=== Source data ===

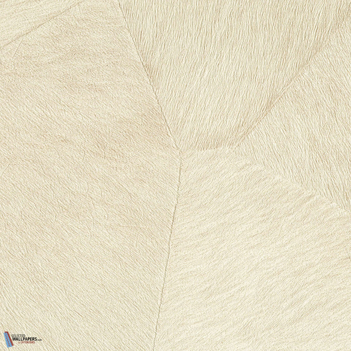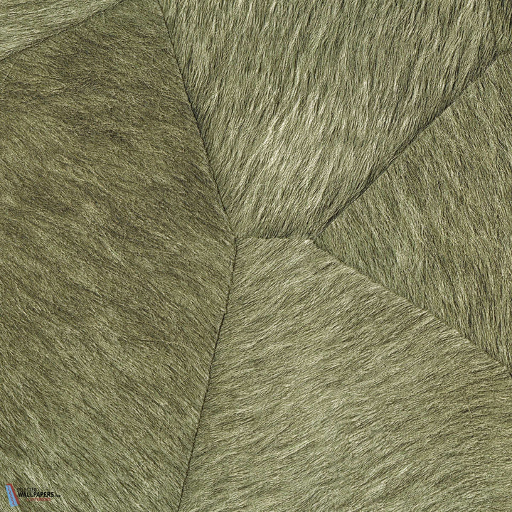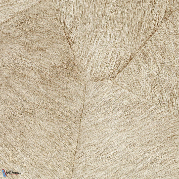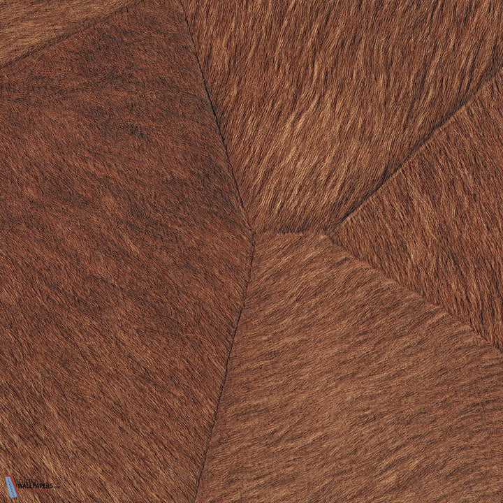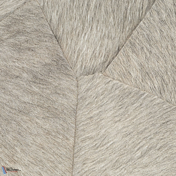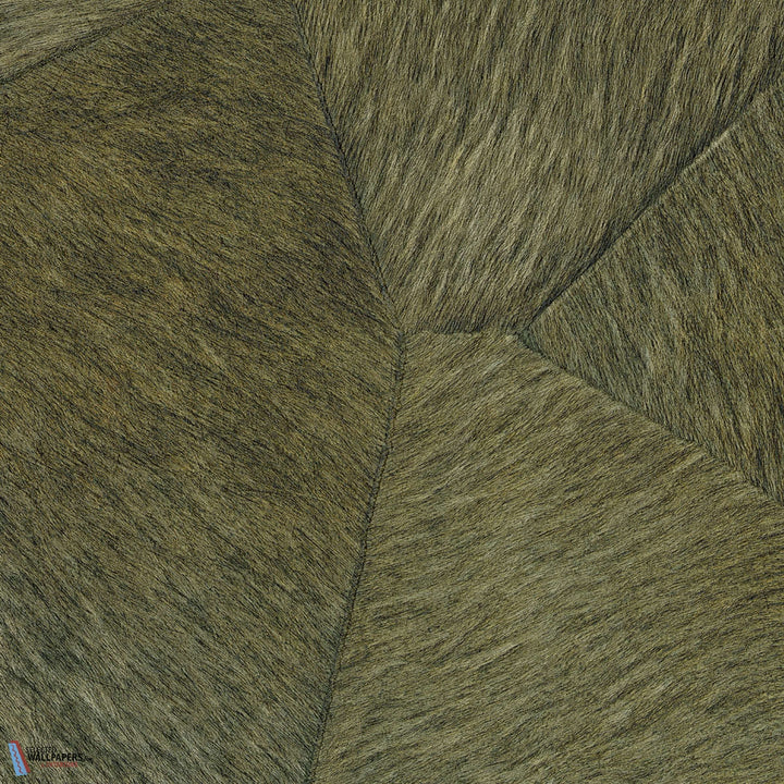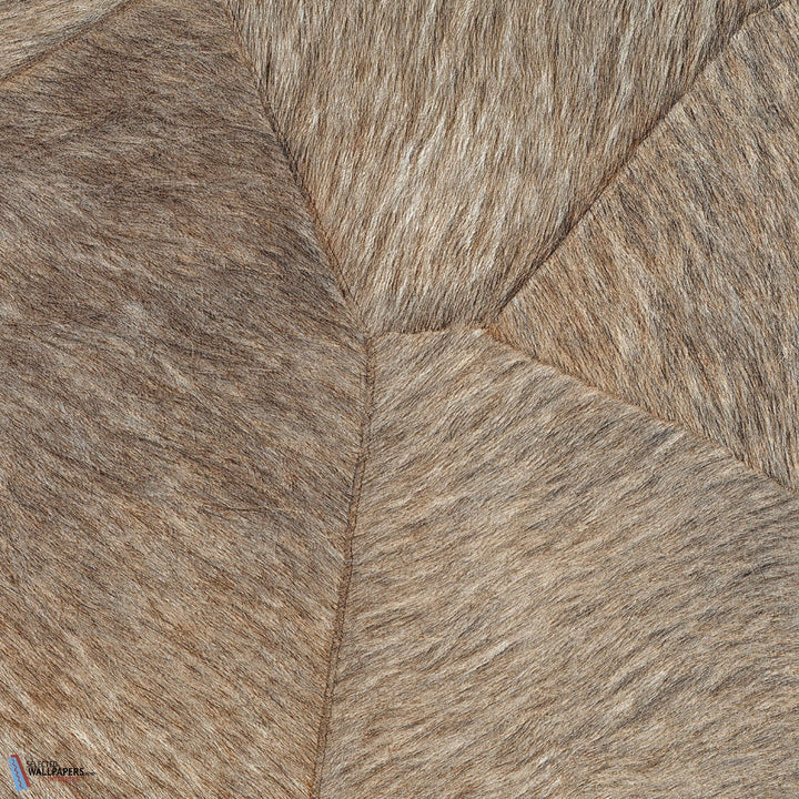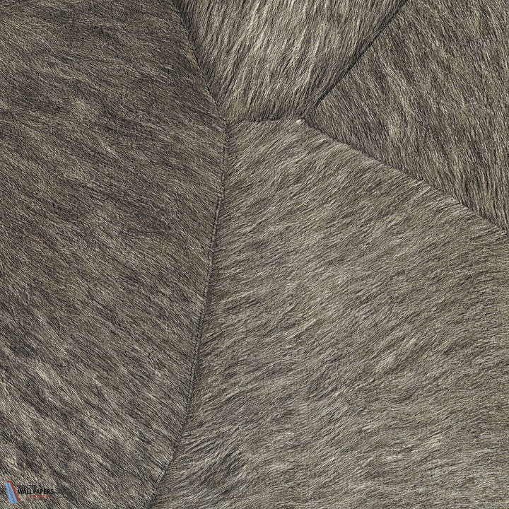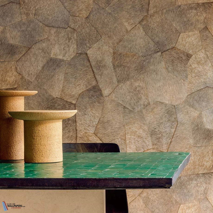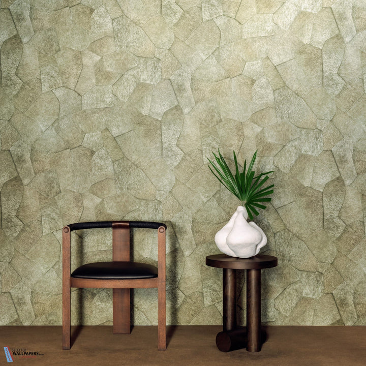 Pampa behang Elitis. Dit behang toont een dierenhuid vol kleurnuances uitgebracht als een vinyl. Verwerkt in een geometrisch patroon van willekeurige vlakken. Behang Pampa Elitis Sauvages behangcollectie.
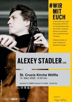 In einer besonderen Kooperationsveranstaltung der Thüringer Bachwochen präsentiert der renommierte Cellist Prof. Alexey Stadler als Artist in Residence der Thüringer Philharmonie Gotha-Eisenach ein Benefizkonzert im Rahmen des Projekts #WIRMITEUCH. Am Ort der historischen St. Crucis Kirche zu Wölfis lädt das Konzertprojekt dazu ein, die Restaurierung der Ratzmann-Orgel zu unterstützen - und das ganz im Zeichen der Bachmusik sowie weiterer Meisterwerke.
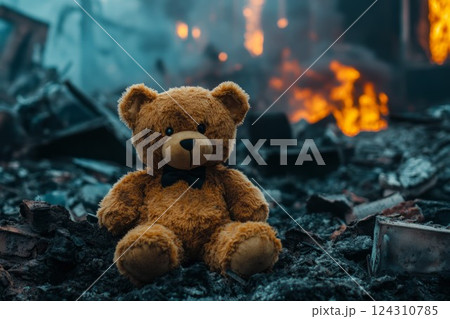 Teddy bear amidst urban ruins in smoky environment. Neural network AI generated
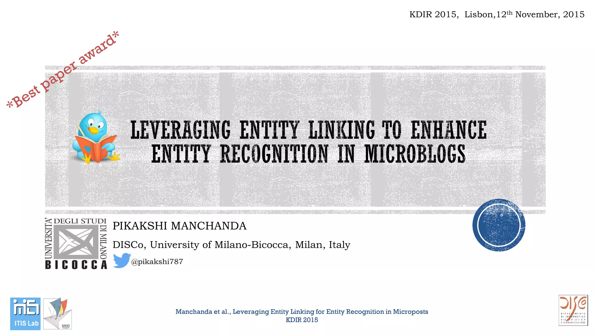 The document describes a framework for performing information extraction from social media posts. It leverages entity linking to improve named entity recognition in short texts. The framework includes components for named entity recognition, candidate retrieval from a knowledge base, entity disambiguation, and using the linking results to enhance the entity classifier. An evaluation on a dataset of tweets shows marginal improvements in entity classification accuracy when incorporating entity linking information. The authors discuss opportunities to better identify new emerging entities from social media and extract relationships to improve knowledge base curation.
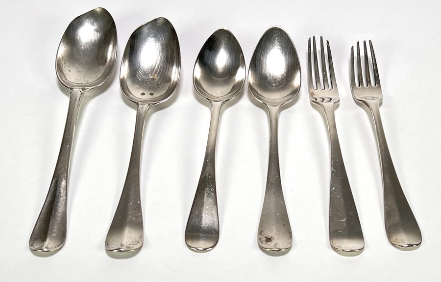Zilveren bestek vervaardigd uit eerste en tweede gehalte zilver. Het lot omvat vier lepels en twee vorken, de achterzijden van elk onderdeel toont diverse zilverkeuren.
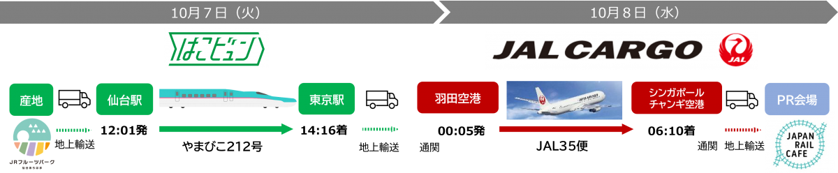 東日本旅客鉄道(以下、JR東日本)と日本航空(以下、JAL)は、両社グループが連携した海外輸送トライアルを2025 年10 月7 日・8日の2日間に実施する。今回の取り組みでは、JR東日本の列車荷物輸送サービス「はこビュン」とJALの国際線航空貨物輸送「JALCARGO」を組み合わせ、仙台産の梨を新幹線と航空便により、仙台からシンガポールまで約19時間で輸送する。
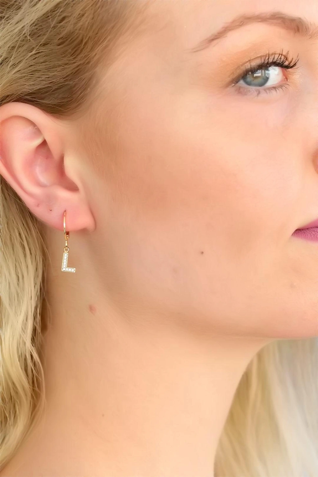 Gold Renk Zirkon Taşlı L Harf Bayan Küpe
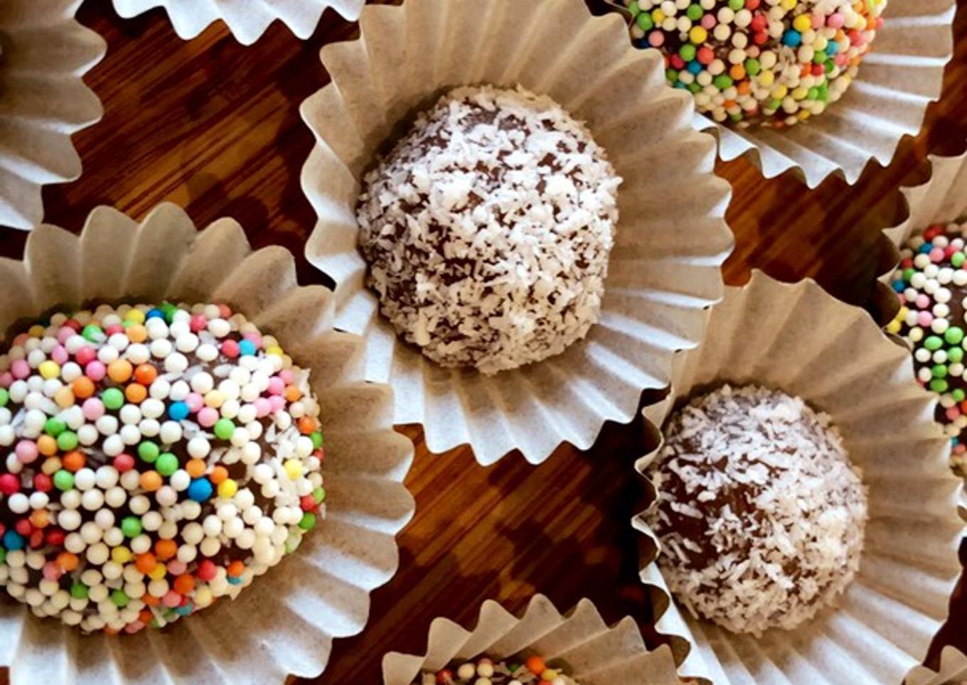 - Préparer les moules, la décoration dans un petit bol, et une cuillère. Graisser les mains ou gants et commencer les Brigadeiros.
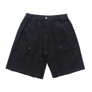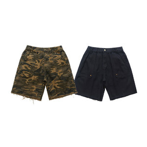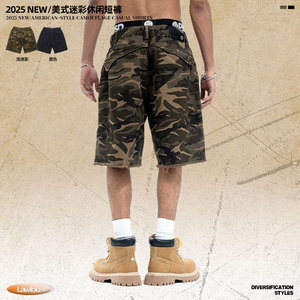 LawFoo アメリカン迷彩ルーズワイドレッグクォーターパンツレトロウォッシュカットタッセルローエッジ刺繍ショーツ男性用
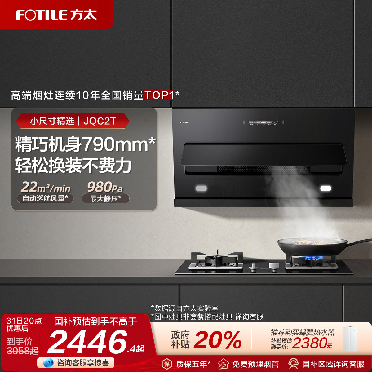 [800mm优选]方太JQC2T抽吸油烟机燃气灶具厨房官方旗舰店套装套餐
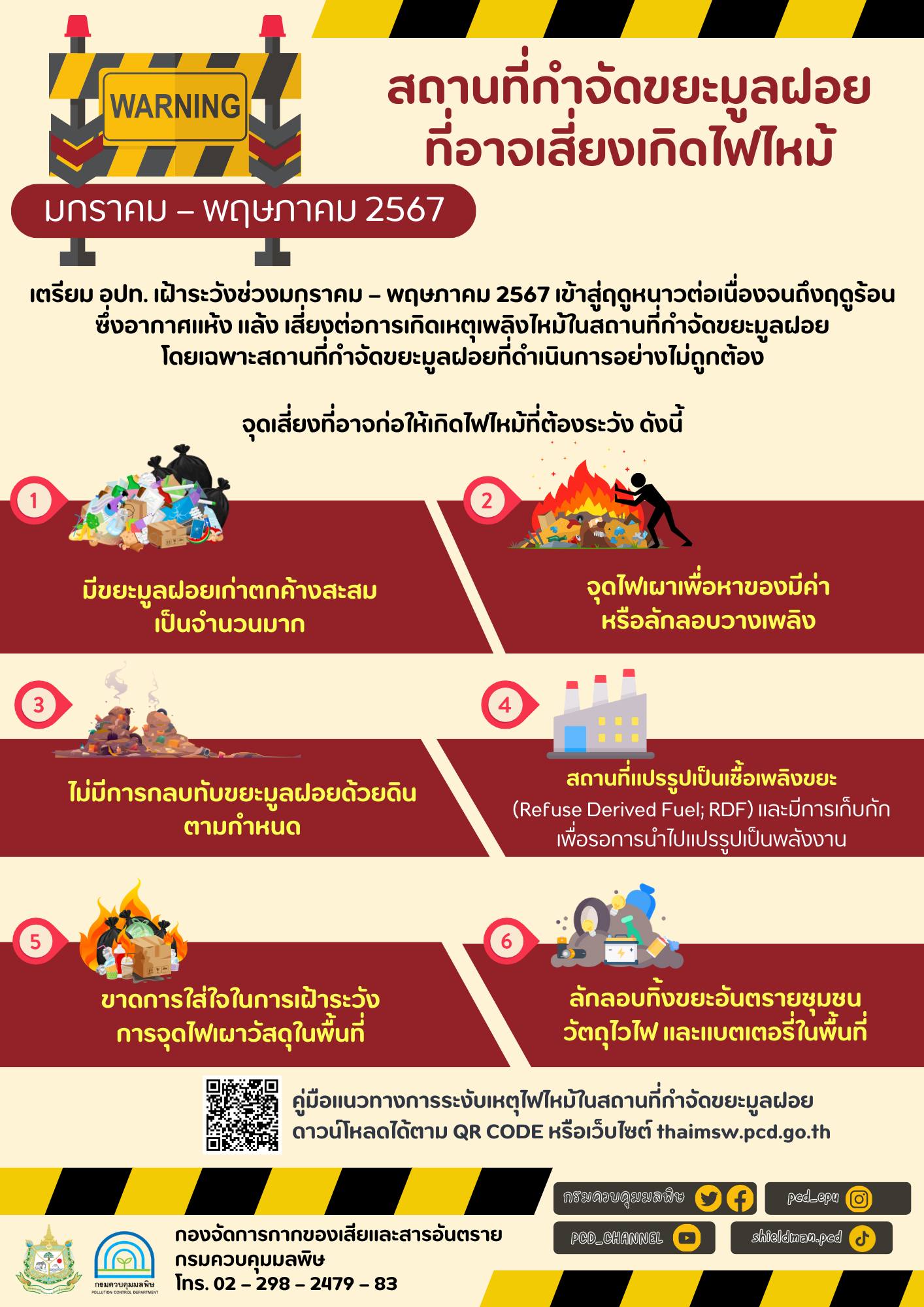 กรมควบคุมมลพิษ เตือนสถานที่กำจัดขยะมูลฝอยที่อาจเสี่ยงเกิดไฟไหม้

===

Work order :: Leave every picture out and write out, word for word, the lines from the one that contains "[800mm优选]方太JQC2T抽吸油烟机燃气灶具厨房官方旗舰店套装套餐" through the last line of the records.

Output of the exercise ::
 [800mm优选]方太JQC2T抽吸油烟机燃气灶具厨房官方旗舰店套装套餐
 กรมควบคุมมลพิษ เตือนสถานที่กำจัดขยะมูลฝอยที่อาจเสี่ยงเกิดไฟไหม้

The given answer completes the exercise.